Required work = Exactly as they stand, repeat the lines from the one containing "Přepraví všechno! Ať" through the final line of the listing, both ends included, and nothing else; skip the pictures.

Data extract =
--------

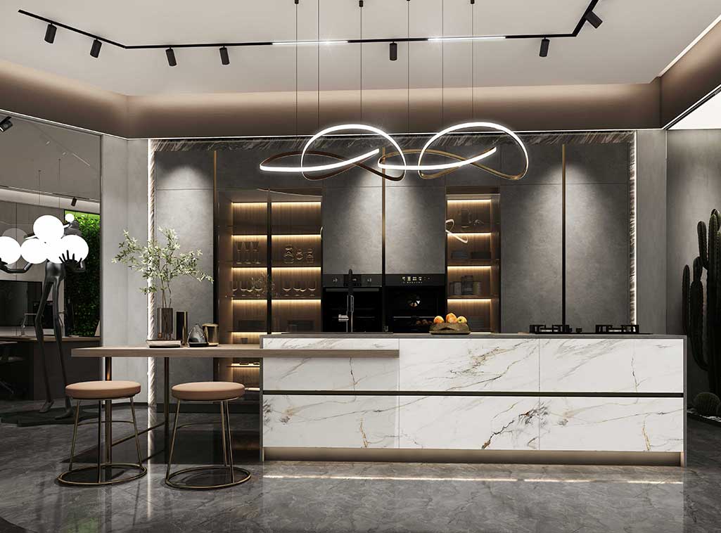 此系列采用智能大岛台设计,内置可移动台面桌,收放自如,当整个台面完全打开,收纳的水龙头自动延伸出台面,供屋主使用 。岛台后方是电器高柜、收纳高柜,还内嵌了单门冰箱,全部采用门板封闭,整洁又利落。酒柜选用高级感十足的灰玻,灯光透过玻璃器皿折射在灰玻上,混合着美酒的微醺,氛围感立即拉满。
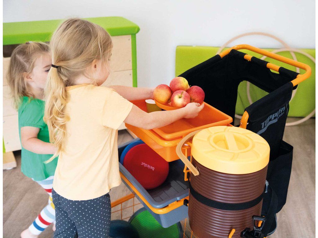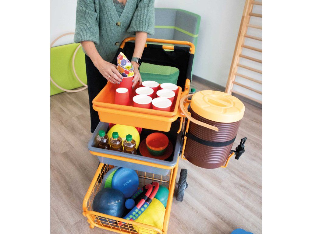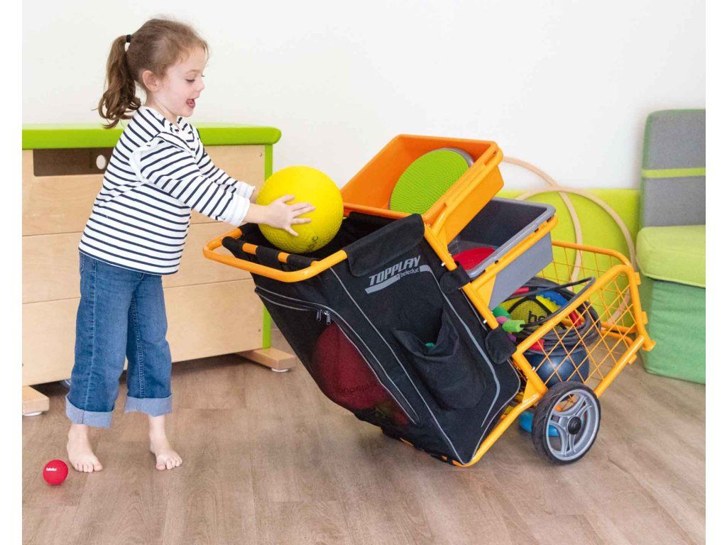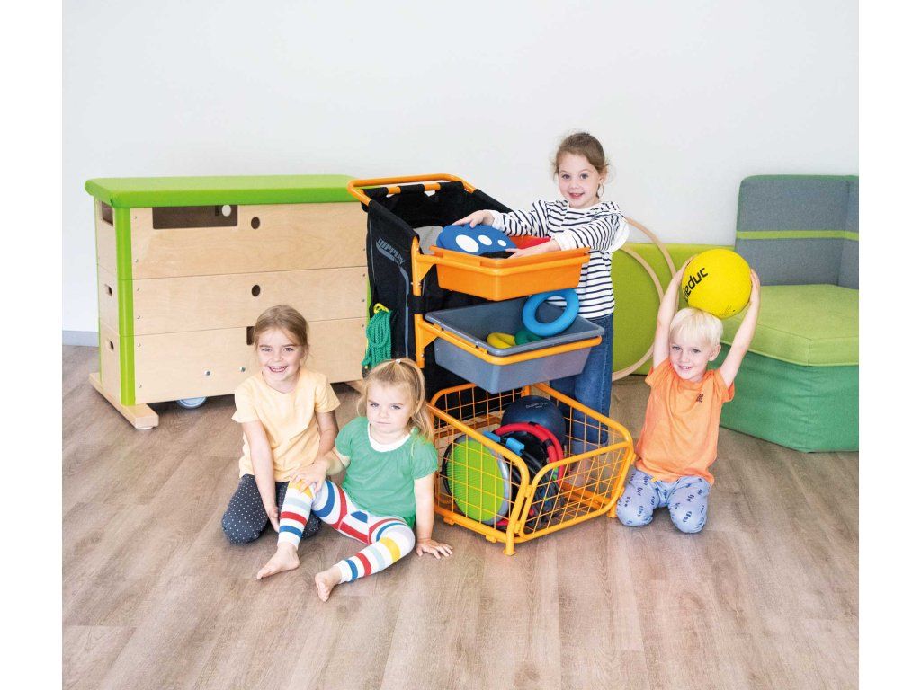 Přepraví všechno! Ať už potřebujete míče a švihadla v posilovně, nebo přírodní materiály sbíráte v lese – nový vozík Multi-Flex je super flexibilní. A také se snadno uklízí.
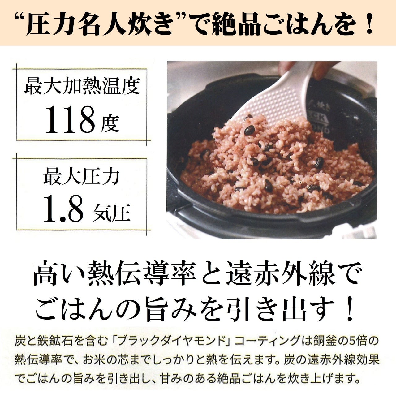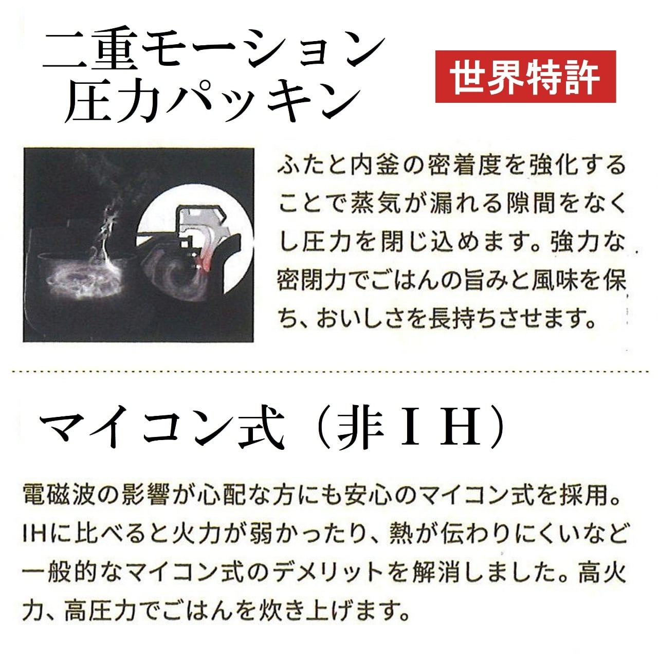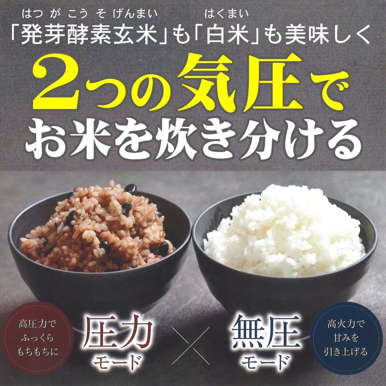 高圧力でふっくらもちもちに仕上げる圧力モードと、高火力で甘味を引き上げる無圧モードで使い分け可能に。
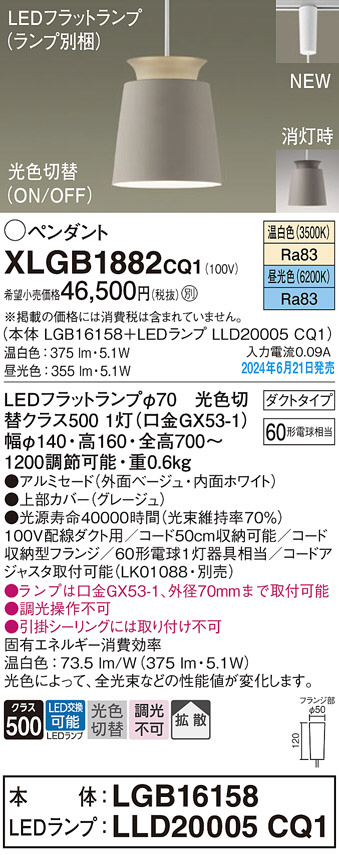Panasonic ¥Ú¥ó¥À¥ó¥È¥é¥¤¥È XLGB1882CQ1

--------

Response for this exercise =
 Přepraví všechno! Ať už potřebujete míče a švihadla v posilovně, nebo přírodní materiály sbíráte v lese – nový vozík Multi-Flex je super flexibilní. A také se snadno uklízí.
 高圧力でふっくらもちもちに仕上げる圧力モードと、高火力で甘味を引き上げる無圧モードで使い分け可能に。
Panasonic ¥Ú¥ó¥À¥ó¥È¥é¥¤¥È XLGB1882CQ1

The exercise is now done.